▶ Records provided:
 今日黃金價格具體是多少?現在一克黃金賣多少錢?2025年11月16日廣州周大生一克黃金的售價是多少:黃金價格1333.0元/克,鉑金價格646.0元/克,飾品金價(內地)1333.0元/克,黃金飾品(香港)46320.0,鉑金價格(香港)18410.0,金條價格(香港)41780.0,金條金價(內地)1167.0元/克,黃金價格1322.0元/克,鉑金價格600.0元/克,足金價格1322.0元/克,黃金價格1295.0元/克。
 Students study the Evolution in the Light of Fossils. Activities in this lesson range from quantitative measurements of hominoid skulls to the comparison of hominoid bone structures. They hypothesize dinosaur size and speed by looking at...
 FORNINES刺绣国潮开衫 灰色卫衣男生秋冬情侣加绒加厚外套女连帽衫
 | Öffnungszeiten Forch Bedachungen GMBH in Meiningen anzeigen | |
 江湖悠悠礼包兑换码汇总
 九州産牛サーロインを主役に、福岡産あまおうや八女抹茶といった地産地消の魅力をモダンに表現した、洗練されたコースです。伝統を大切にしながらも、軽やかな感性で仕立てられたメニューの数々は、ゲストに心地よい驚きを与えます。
* * *
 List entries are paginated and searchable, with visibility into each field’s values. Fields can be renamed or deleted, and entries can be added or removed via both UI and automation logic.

▶ What is needed:
Would you print exactly, and only, the lines of the data above from the line with "江湖悠悠礼包兑换码汇总" through the line with "九州産牛サーロインを主役に、", inclusive?

▶ Solution for this exercise:
 江湖悠悠礼包兑换码汇总
 九州産牛サーロインを主役に、福岡産あまおうや八女抹茶といった地産地消の魅力をモダンに表現した、洗練されたコースです。伝統を大切にしながらも、軽やかな感性で仕立てられたメニューの数々は、ゲストに心地よい驚きを与えます。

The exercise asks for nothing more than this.